Edge ideals are one of the rare classes of ideals where linear resolution of the ideal implies linear resolution for higher powers i.e minimum possible regularity
for an edge ideal implies minimum possible regularity for all its higher powers(proved by Herzog, Hibi and Zheng). It was also characterised (by Froberg)
that an edge ideal has linear resolution (or minimum possible regularity) if and only if the underlying graph is chordal.This motivated people to
take up various projects for finding sharp upper bounds for regularity for various powers of edge ideals. Two questions largely guided this research:
1. The Nevo-Peeva Question: Is it true that all higher powers (greater than equal to 2) have linear resolutions for edge ideals with
a. linear presentation (that is edge ideals whose first differential matrix of minimal free resolution has linear entries) and
b. regularity less than equal to $3$?
2. The sharp upper bound Conjecture for regularity of powers in terms of the regularity of the ideal: It is believed that
regularity of an edge ideal is r implies for the s th power the regularity is bounded above by 2s+r-1.

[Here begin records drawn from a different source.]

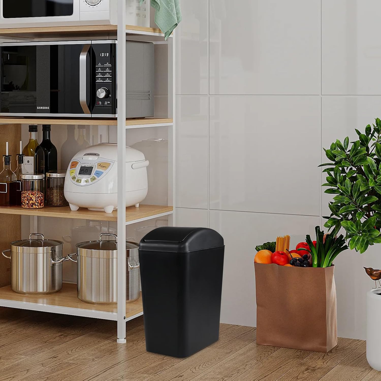 3-Pack 4.5 Gallon Plastic Trash Can with Swing Lid, Swing-Top Waste Can, Black
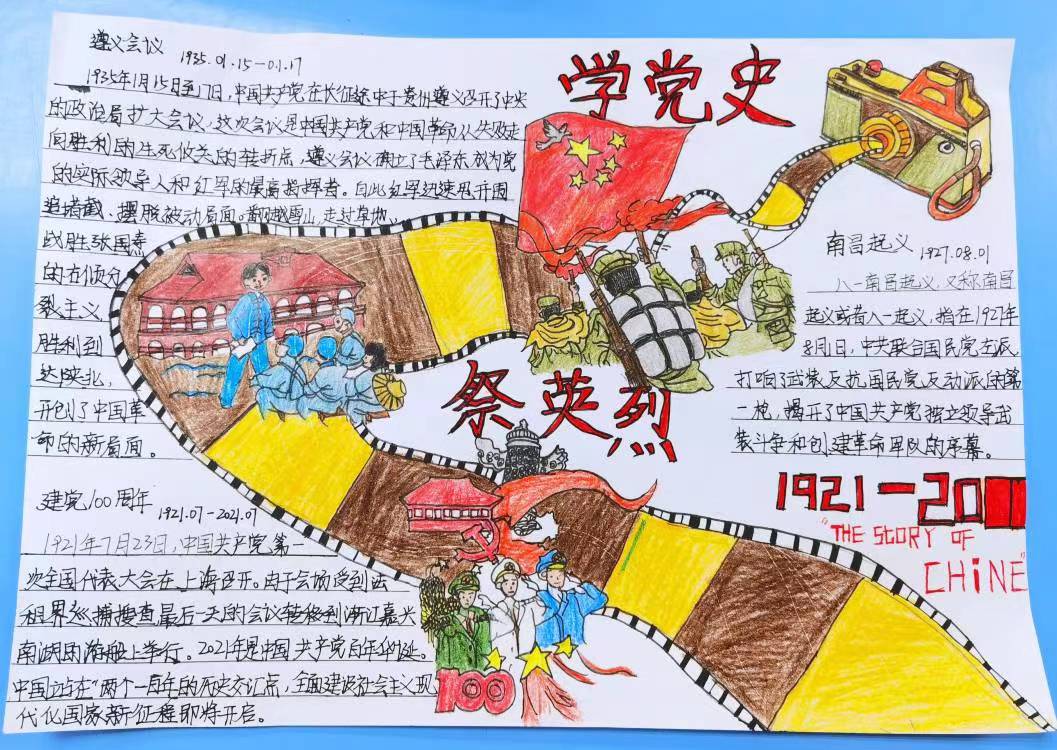 同学们以红色党史故事为主题,回顾党成立以来各个伟大时期的革命先烈,细心的用画笔描绘出每一个精彩瞬间,列举自己心中的革命英雄,将我们对先烈们的怀念与敬仰之情倾注于作品之间中。作品虽然简单,但是对党和国家的爱却明亮又炙热。
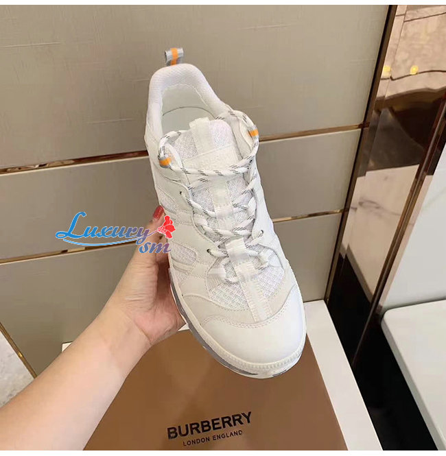 BURBERRY-80210481 버버리 화이트 나일론 레더 유니언 스니커즈
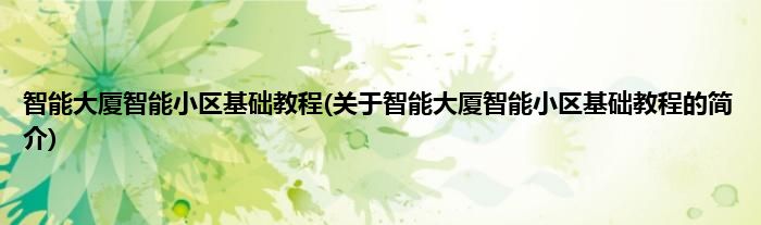 大家好,智能大厦智能小区基础教程,关于智能大厦智能小区基础教程的简介很多人还不知道,现在让我们一起来看看吧!
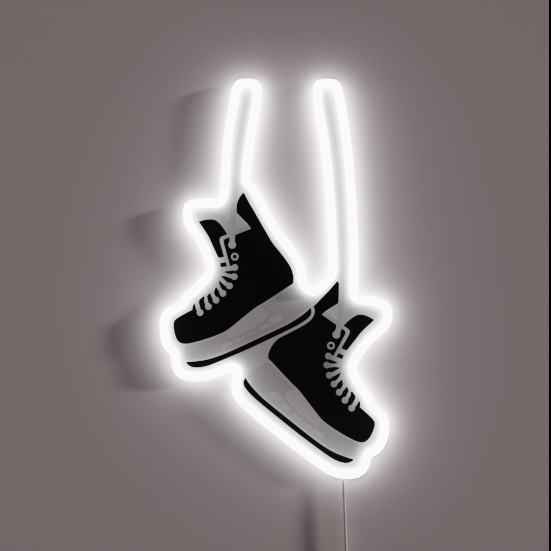 Neon hockey-themed sign with customizable RGB colors that can be programmed to display various lighting effects and skate logos, perfect for hockey players and fans to showcase their passion and personality in home decor.
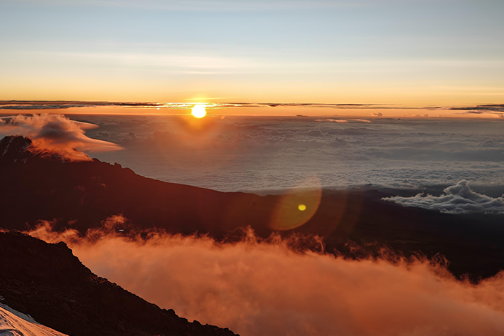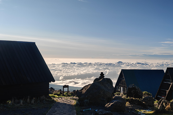 Volentieri. Da Arusha si parte con un miscuglio di euforia e timore, come se l’aria presagisse qualcosa di magico e inaspettato. Gli zaini sono pronti, l’energia è alta, ma la montagna non smette d’impressionare. Siamo in ritardo e la pioggia battezza i primi passi. La foresta pluviale ci avvolge subito: è umida, scura, viva. Il sentiero è un intreccio di fango e radici, e ogni appoggio diventa un gesto di attenzione. Il giorno seguente tutto cambia. La vegetazione si apre e si entra nel Moorland: arbusti bassi e luce piena. Horombo Hut, a 3.720 metri, sembra sospeso tra due dimensioni. Da Zebra Point la vista si distende tra rocce minerali e orizzonti netti, una sensazione di calma che spiazza. Poi si sale verso Kibo Hut, dove resta solo la nudità della montagna: pietra, sabbia, vento. L’altitudine comincia a bussare, il corpo rallenta. La notte non è riposo: è vigilia. Tutto converge verso il momento decisivo.
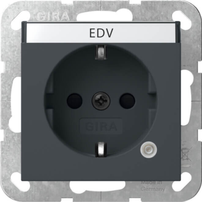SCHUKO-Steckdose 16 A 250 V~ mit Kontrolllicht und Beschriftungsfeld Anthrazit System 55 - Geerdeter Tragring. Mit erhöhtem Anpressdruck des Erdungsbügels geprüft nach T.N.O. LED-Beleuchtungselement ist im Lieferumfang enthalten. Beschriftungsschild EDV ist beigefügt.
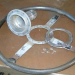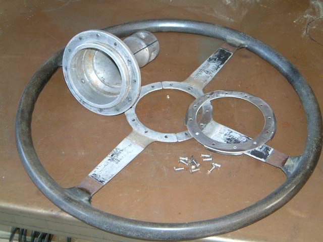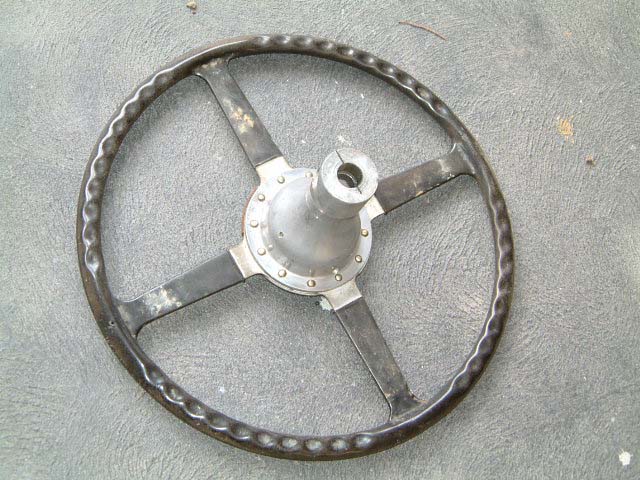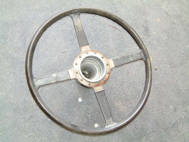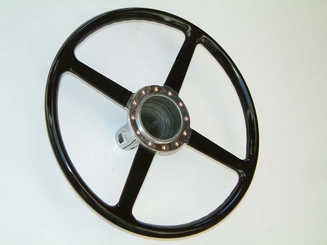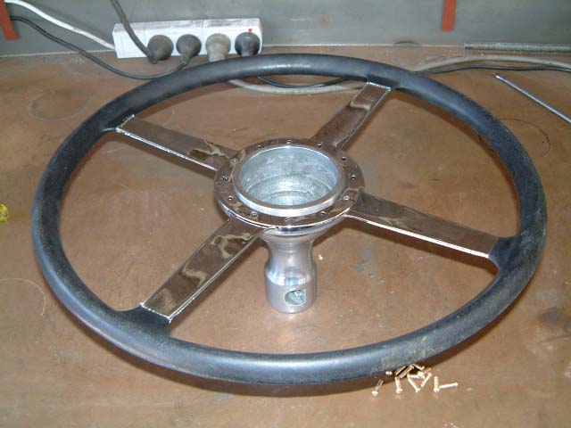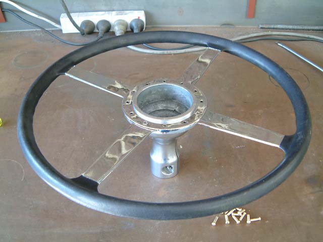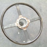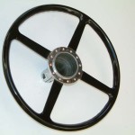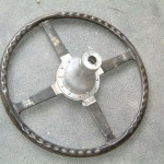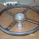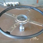 The steering wheel repairs of this classic involved stripping, re-chroming and polishing. We attached hand-made rivets and used an authentic type black plastic coating.

There has been much progress towards both of these but both remain open so far. Recently the second question has been
solved for all bipartite graphs. Also for all graphs the bound has been proven for the second power (r+2).
There has been some effort to study how regularity behaves "on an average for all graphs" using some probabilistic methods.
In this talk we plan to discuss the history and current state of research in this area.